* _Try it_
Output all entries exactly; images excluded.
(Beginning of Data extracts)
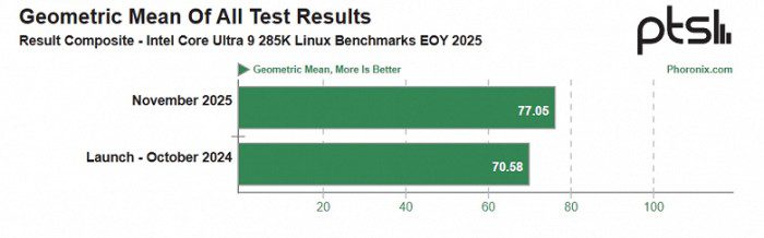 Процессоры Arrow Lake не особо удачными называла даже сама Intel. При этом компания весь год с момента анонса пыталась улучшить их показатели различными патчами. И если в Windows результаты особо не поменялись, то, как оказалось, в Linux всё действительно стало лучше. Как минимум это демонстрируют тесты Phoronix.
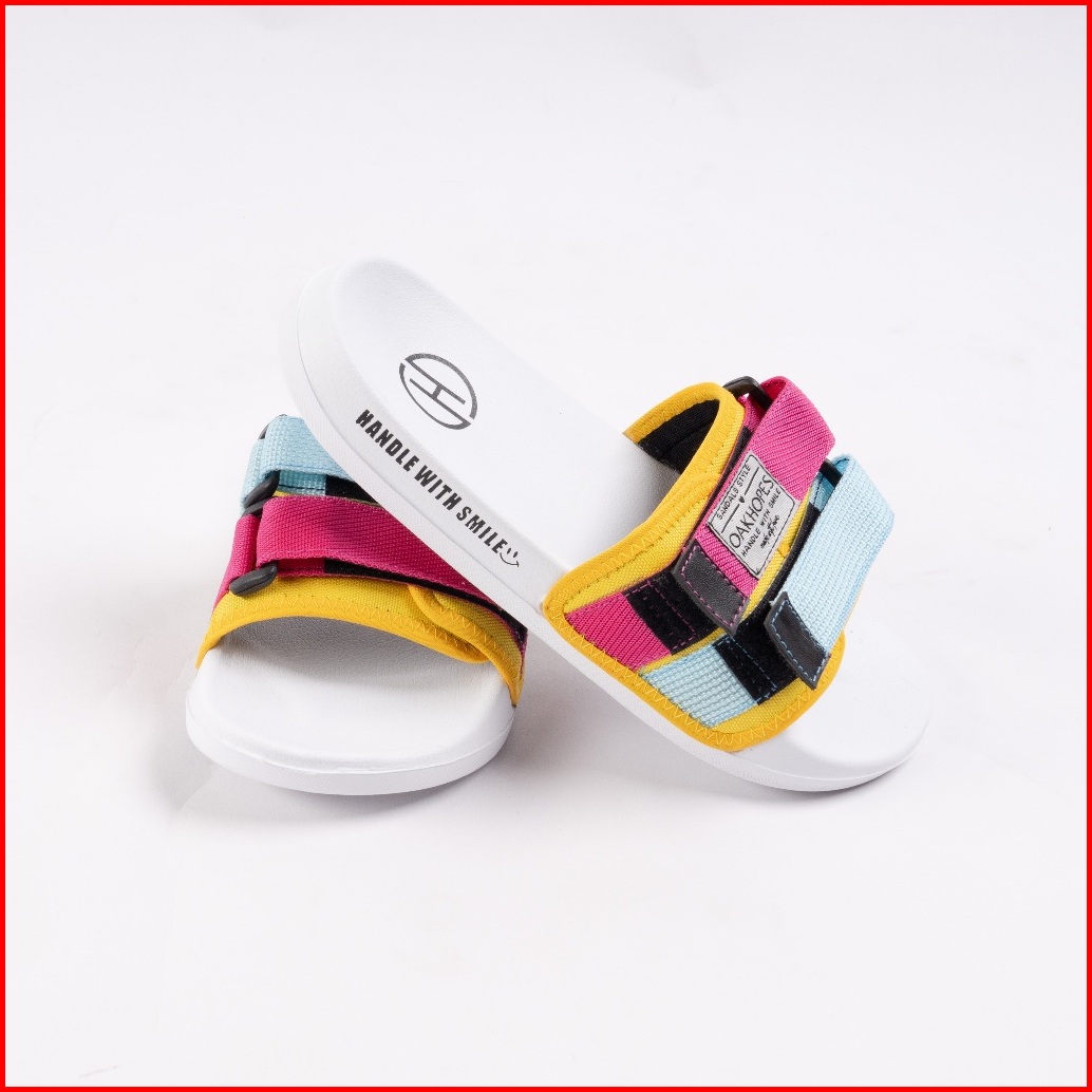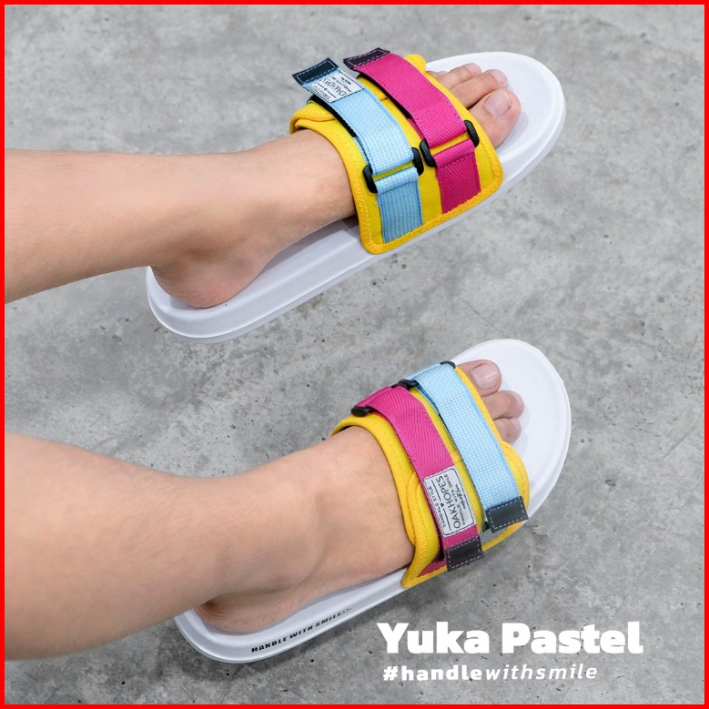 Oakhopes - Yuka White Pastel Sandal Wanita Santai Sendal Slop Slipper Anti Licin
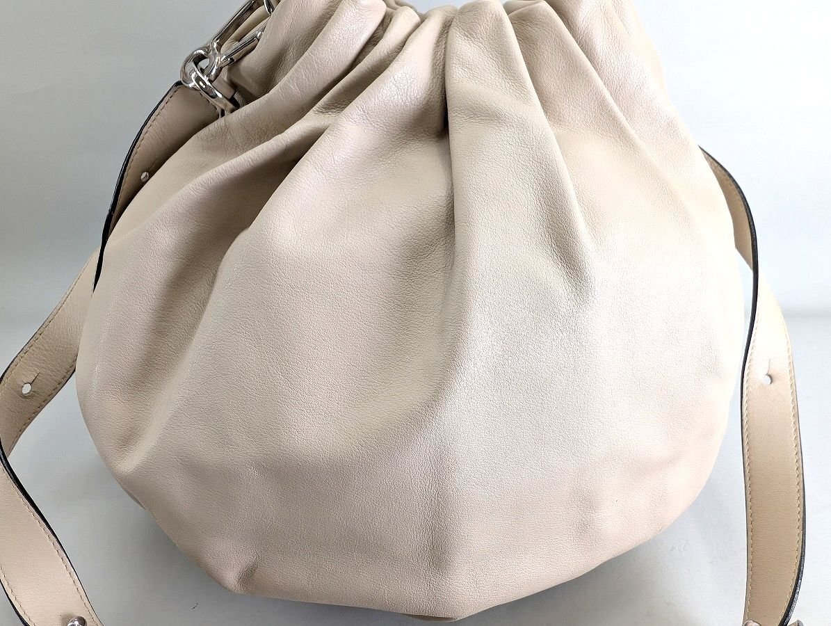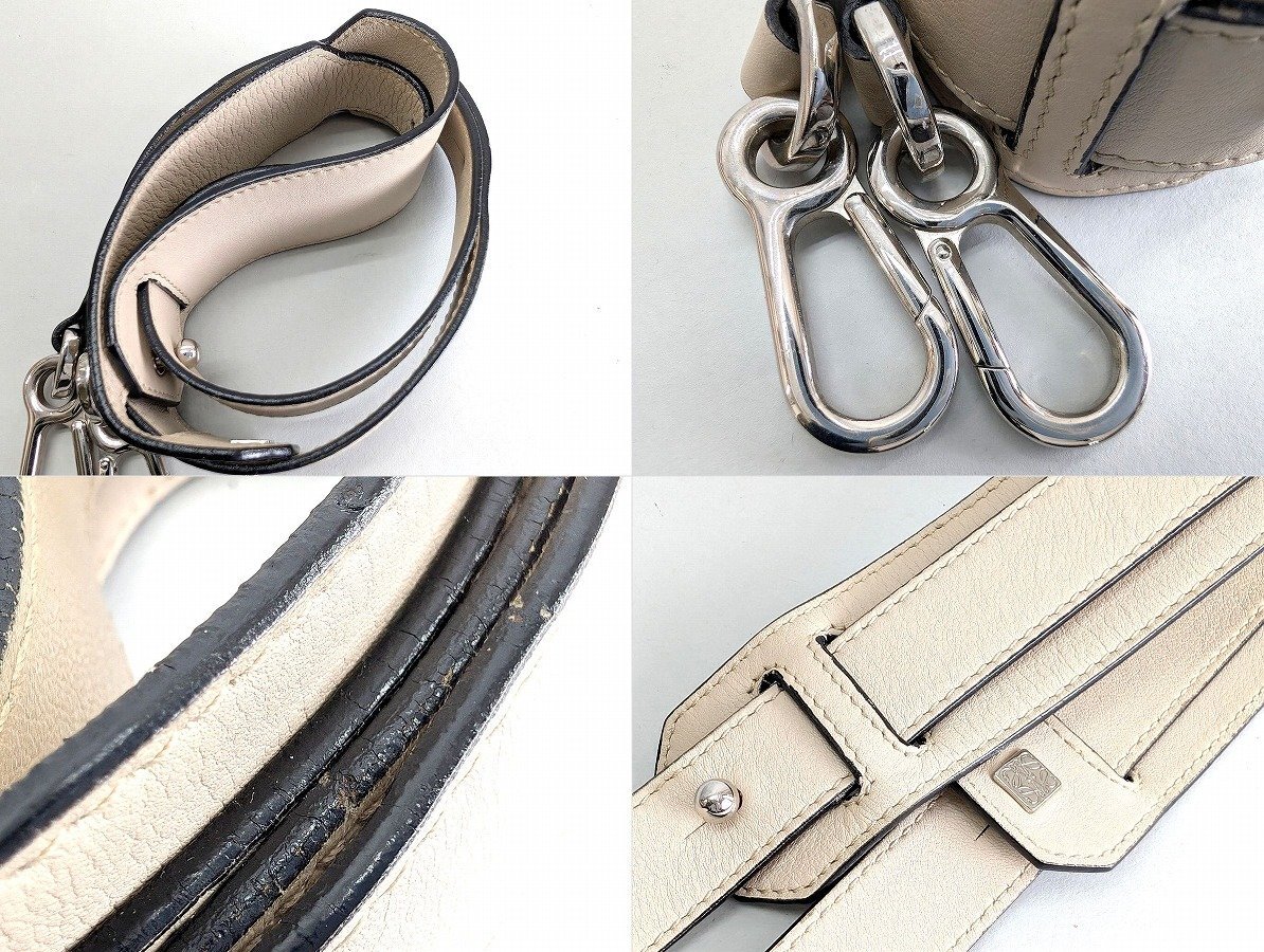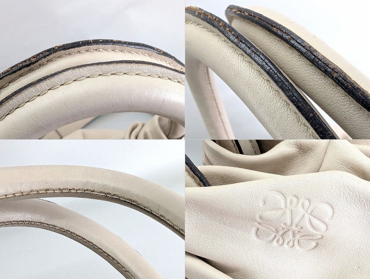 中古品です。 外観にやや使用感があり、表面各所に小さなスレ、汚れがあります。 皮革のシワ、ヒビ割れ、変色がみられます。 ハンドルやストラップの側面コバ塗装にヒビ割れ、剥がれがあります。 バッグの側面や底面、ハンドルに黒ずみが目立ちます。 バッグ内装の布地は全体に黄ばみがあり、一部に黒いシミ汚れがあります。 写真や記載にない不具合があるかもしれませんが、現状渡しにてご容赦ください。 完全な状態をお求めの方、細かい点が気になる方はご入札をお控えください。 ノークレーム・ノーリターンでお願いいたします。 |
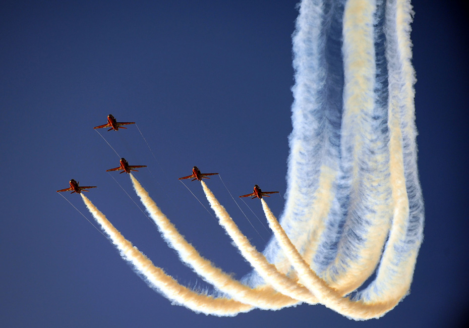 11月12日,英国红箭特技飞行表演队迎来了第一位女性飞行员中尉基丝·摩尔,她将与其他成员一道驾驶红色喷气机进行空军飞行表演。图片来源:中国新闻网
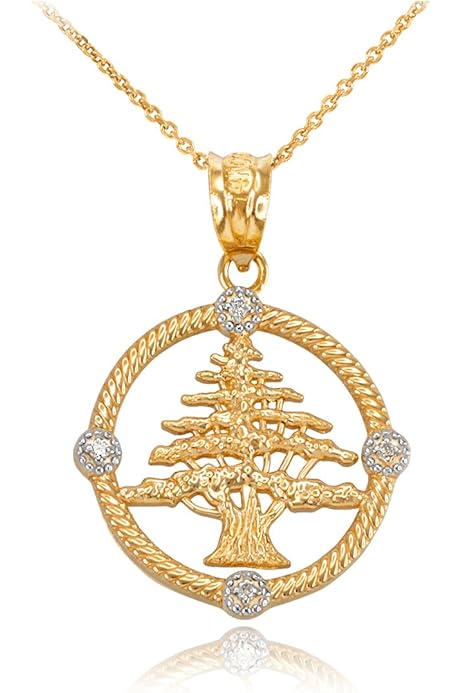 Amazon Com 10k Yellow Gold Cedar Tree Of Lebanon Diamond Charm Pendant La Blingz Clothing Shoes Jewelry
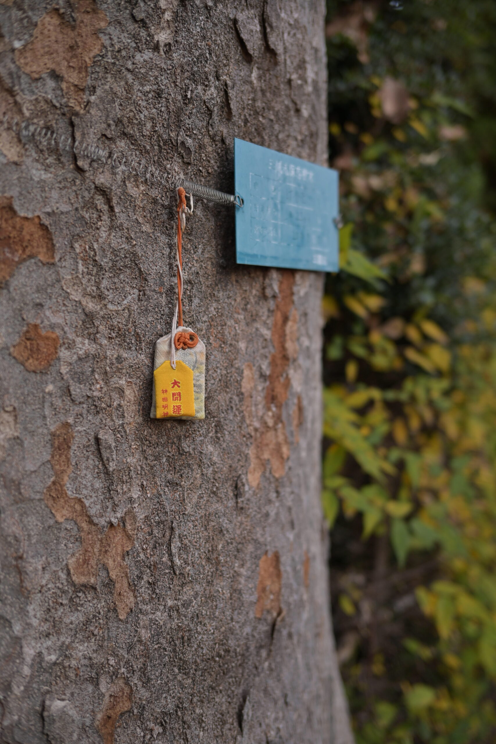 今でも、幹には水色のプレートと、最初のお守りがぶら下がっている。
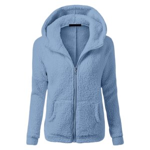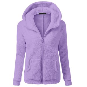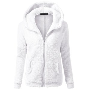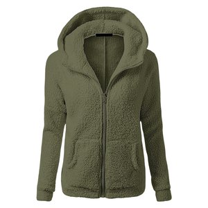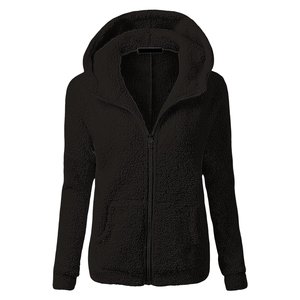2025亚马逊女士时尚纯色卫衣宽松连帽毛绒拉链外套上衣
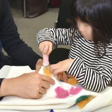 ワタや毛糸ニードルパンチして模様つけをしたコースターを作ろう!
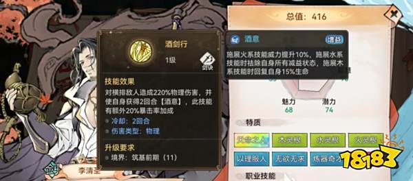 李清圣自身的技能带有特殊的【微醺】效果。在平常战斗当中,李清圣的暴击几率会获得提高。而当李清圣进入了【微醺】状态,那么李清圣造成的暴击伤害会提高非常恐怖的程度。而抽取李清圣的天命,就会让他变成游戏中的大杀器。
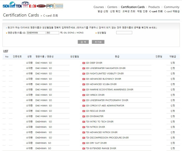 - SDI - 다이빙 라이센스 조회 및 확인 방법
(End of Data extracts)
* _Exercise output_
 Процессоры Arrow Lake не особо удачными называла даже сама Intel. При этом компания весь год с момента анонса пыталась улучшить их показатели различными патчами. И если в Windows результаты особо не поменялись, то, как оказалось, в Linux всё действительно стало лучше. Как минимум это демонстрируют тесты Phoronix.
 Oakhopes - Yuka White Pastel Sandal Wanita Santai Sendal Slop Slipper Anti Licin
 中古品です。 外観にやや使用感があり、表面各所に小さなスレ、汚れがあります。 皮革のシワ、ヒビ割れ、変色がみられます。 ハンドルやストラップの側面コバ塗装にヒビ割れ、剥がれがあります。 バッグの側面や底面、ハンドルに黒ずみが目立ちます。 バッグ内装の布地は全体に黄ばみがあり、一部に黒いシミ汚れがあります。 写真や記載にない不具合があるかもしれませんが、現状渡しにてご容赦ください。 完全な状態をお求めの方、細かい点が気になる方はご入札をお控えください。 ノークレーム・ノーリターンでお願いいたします。 |
 11月12日,英国红箭特技飞行表演队迎来了第一位女性飞行员中尉基丝·摩尔,她将与其他成员一道驾驶红色喷气机进行空军飞行表演。图片来源:中国新闻网
 Amazon Com 10k Yellow Gold Cedar Tree Of Lebanon Diamond Charm Pendant La Blingz Clothing Shoes Jewelry
 今でも、幹には水色のプレートと、最初のお守りがぶら下がっている。
2025亚马逊女士时尚纯色卫衣宽松连帽毛绒拉链外套上衣
 ワタや毛糸ニードルパンチして模様つけをしたコースターを作ろう!
 李清圣自身的技能带有特殊的【微醺】效果。在平常战斗当中,李清圣的暴击几率会获得提高。而当李清圣进入了【微醺】状态,那么李清圣造成的暴击伤害会提高非常恐怖的程度。而抽取李清圣的天命,就会让他变成游戏中的大杀器。
 - SDI - 다이빙 라이센스 조회 및 확인 방법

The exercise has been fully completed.